(Beginning of SUPPLIED DATA)

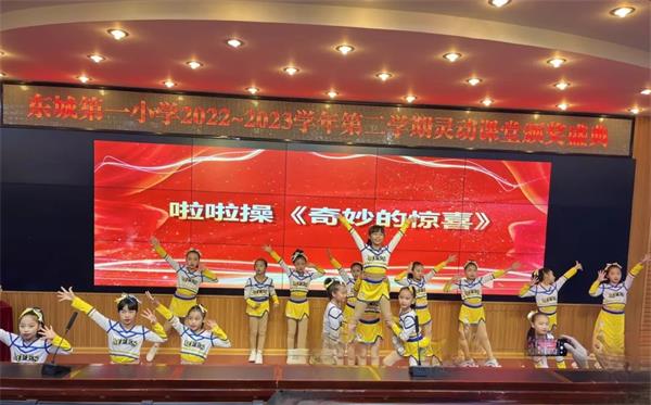 舞动的身姿、朝气蓬勃的氛围彰显一小灵动课堂的风采,东城一小啦啦操社团带来的啦啦操《奇妙的惊喜》用轻松愉快的步伐传递一小火文化的热情。
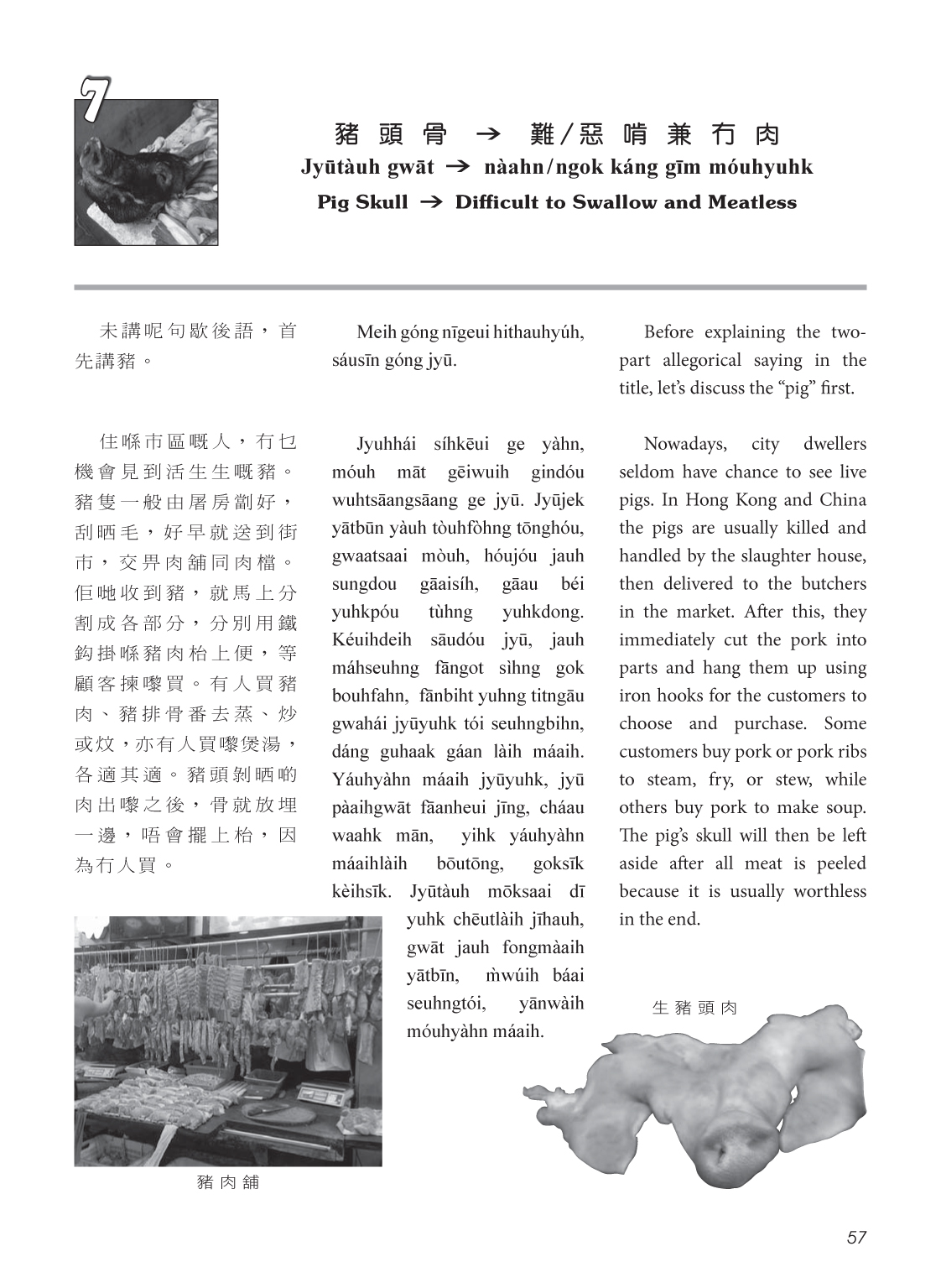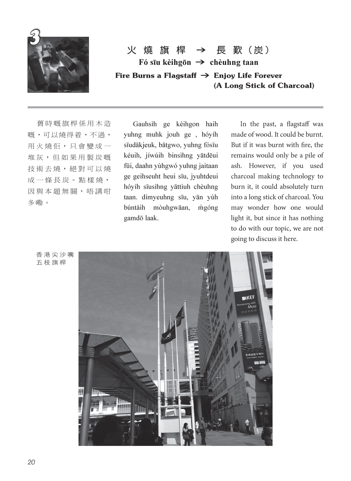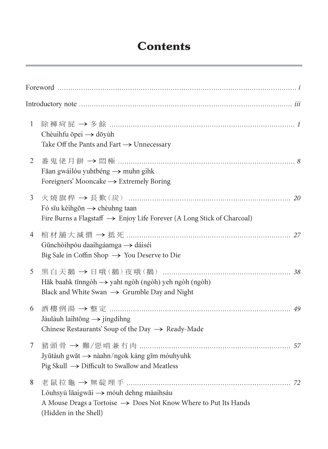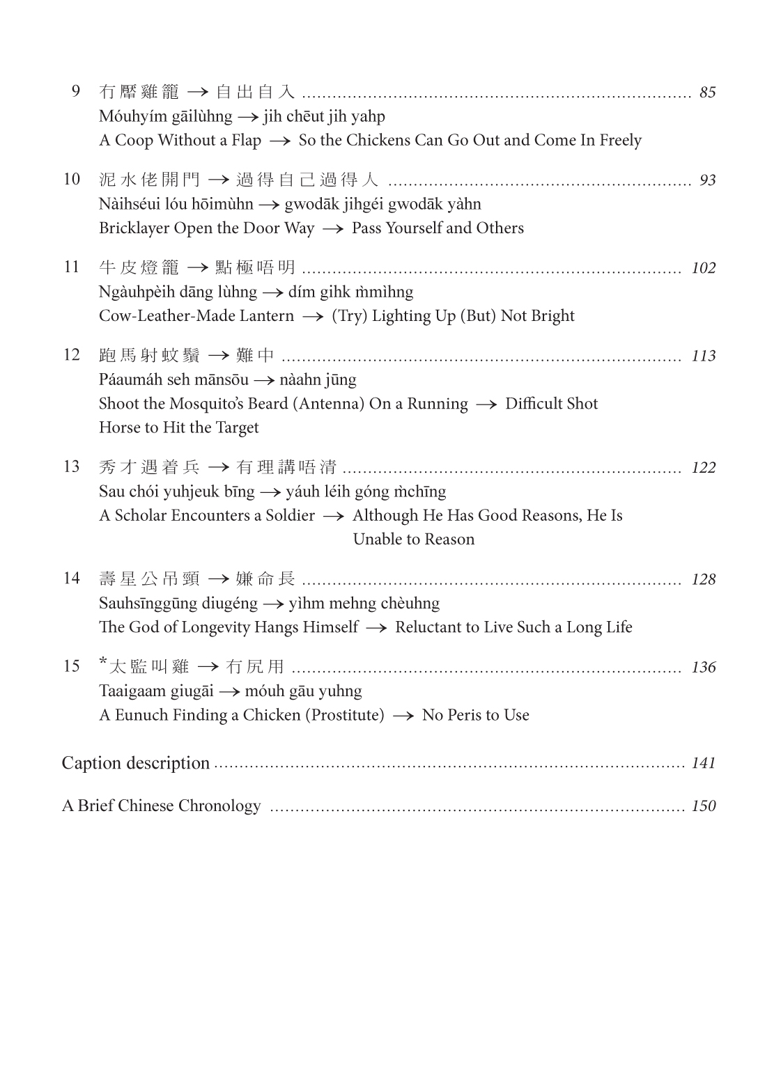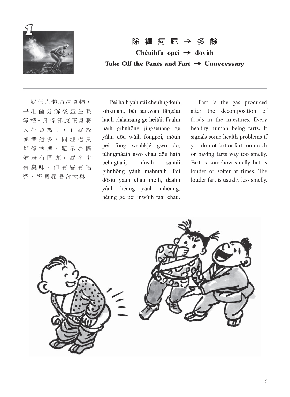 All sayings are focused on with cultural points and will take them as a platform to introduce history, culture, customs, living habits, natural science, and other general knowledge. Idioms, common sayings, and proverbs with similar meanings are also introduced. So really, the book is ¡§More than Cantonese two-part allegorical sayings¡¨.
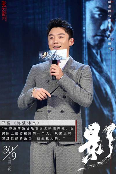 现场环节,七大主演频频爆料,笑点不断,细节之处又彰显剧组主创的专业与敬业。邓超爆料与张艺谋导演第一次见面竟是在中戏的厕所,那时就已经非常崇拜导演了,而今终于如愿与导演合作;谈到这部戏一人分饰两角的过程,为了真实呈现两个角色的差异巨大,先增肌20斤再迅速减重40斤,险些在片场晕倒;在不用太多特效的情况下,如何将两个邓超同框的戏份,既演得出彩又严丝合缝的对上,难度之大更是完全超过之前想象。孙俪不仅为塑造角色苦练古筝琴瑟,更透露为配合5K拍摄全程淡妆出镜近乎素颜。郑恺、王景春现场挥笔大秀书法“沛”、“影”二字,却被邓超吐槽一个写得太草,一个写得太开,写的是“沙”和“景春”;胡军“弃武从艺”为影片设计潮牌服饰作为感恩赠礼;关晓彤、吴磊回忆拍戏过程不忘感谢导演帮助。
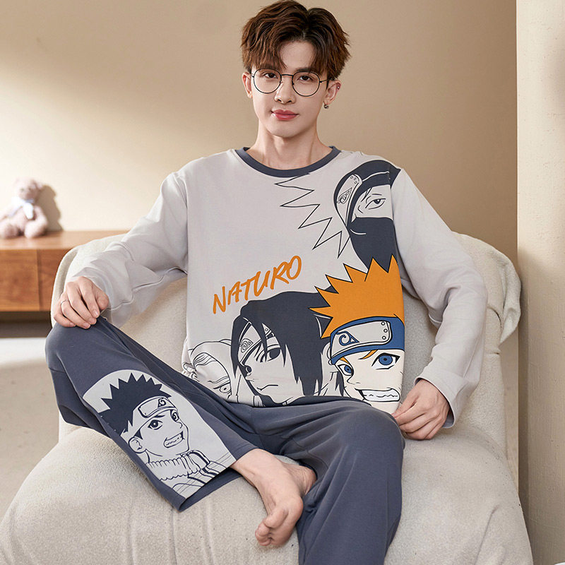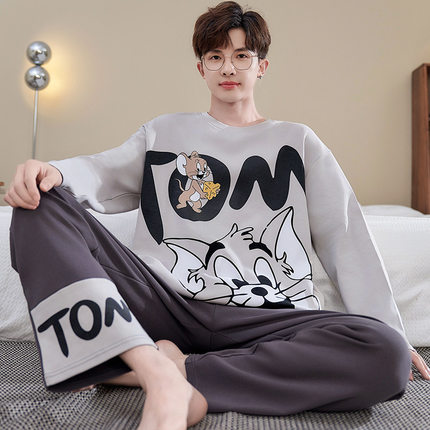 睡衣男春秋季长袖纯棉卡通青少年秋天薄款全棉初中学生家居服套装
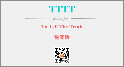 英文缩略词“TTTT”经常作为“To Tell The Truth”的英文缩写来使用,中文表示:“说实话”。本文将详细介绍英文缩写词TTTT所代表英文单词,其对应的中文拼音、详细解释以及在英语中的流行度。此外,还有关于缩略词TTTT的分类、应用领域及相关应用示例等。
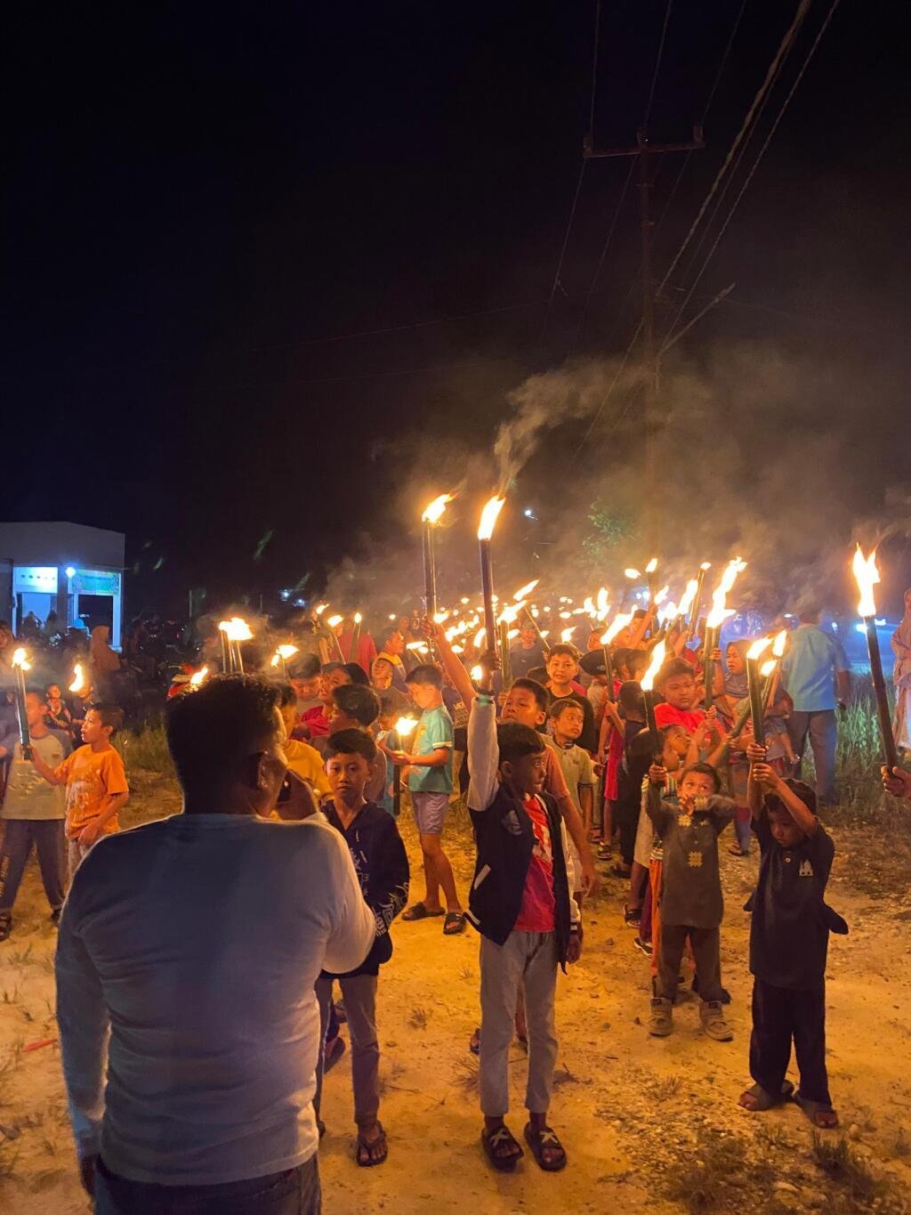 Semarak Pawai Obor Sambut HUT ke-80 RI di Desa Mandi Angin
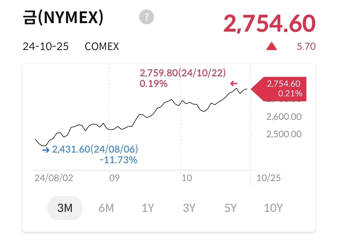 금가격은 쉬지 않고, 상승 중이다. 이 상황이라면 올해 내에 3천불을 넘어 갈 듯 보인다. 급등하는 것은 아니지만 쉬지 않고 꾸준히 우상향 중이다. 불확실성이 많은 시점이라서 안전자산 금에 대한 수요가 많아진 듯 보인다.

(End of SUPPLIED DATA)

## WORK ITEM
Would you please output only the lines from the start of the material above up to and including the line with "All sayings are", exactly as they appear and without pictures?

## ANSWER BOX
 舞动的身姿、朝气蓬勃的氛围彰显一小灵动课堂的风采,东城一小啦啦操社团带来的啦啦操《奇妙的惊喜》用轻松愉快的步伐传递一小火文化的热情。
 All sayings are focused on with cultural points and will take them as a platform to introduce history, culture, customs, living habits, natural science, and other general knowledge. Idioms, common sayings, and proverbs with similar meanings are also introduced. So really, the book is ¡§More than Cantonese two-part allegorical sayings¡¨.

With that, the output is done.